Historically, MILs have been the torture inducing villains in every DIL’s life. However, with changing times, the author hopes this equation changes.
My best friend went for a movie with her mother-in-law (MIL). They often go to movies, dinner and shopping together. Sometimes, it is her idea and sometimes it’s her MIL’s. She talks of her as she would of her mother.
If the above situation doesn’t raise your eyebrows with wonder or surprise, then you really have found the family in your in-law’s house.
The relationship between an MIL and her DIL is criticised universally and is full of prejudice, examples like these are empowering.
And this could be possible with a shared attempt from both the sides. Both the women have to understand the ‘new’ in the family. They need to try to accept the change. And both should take some steps and also know when to step back.
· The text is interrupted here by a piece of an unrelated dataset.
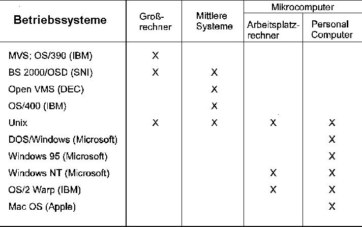 Tabelle 6:  Betriebssysteme und Rechnerklassen......................10

A woman is always expected to easily adjust in the family after her marriage. She is supposed to consider her in-laws’ her family within a few days of her marriage. And should acclimatise to the new house, people, traditions and everything else. None of this is appreciated, as it is her ‘duty.’
But why does the MIL consider it her duty to criticise and judge her DIL at every step? Why is that everything that the DIL does is scrutinised mercilessly? Is it the only way to make her understand the customs of her new family? Or is it how would she teach her own daughter? If it is, then well, she is a terrible teacher.
But what if the situation were a little different? Maybe a little help, a motherly tap on the shoulder, a small not which says, ‘It’s okay. You are doing well’ from the MIL would help. It would help the new DIL feel a little more empowered. And it is important to give confidence to this young woman. It would be better than those judging eyes, the variety of taunts that make the DIL awfully miserable about absolutely everything.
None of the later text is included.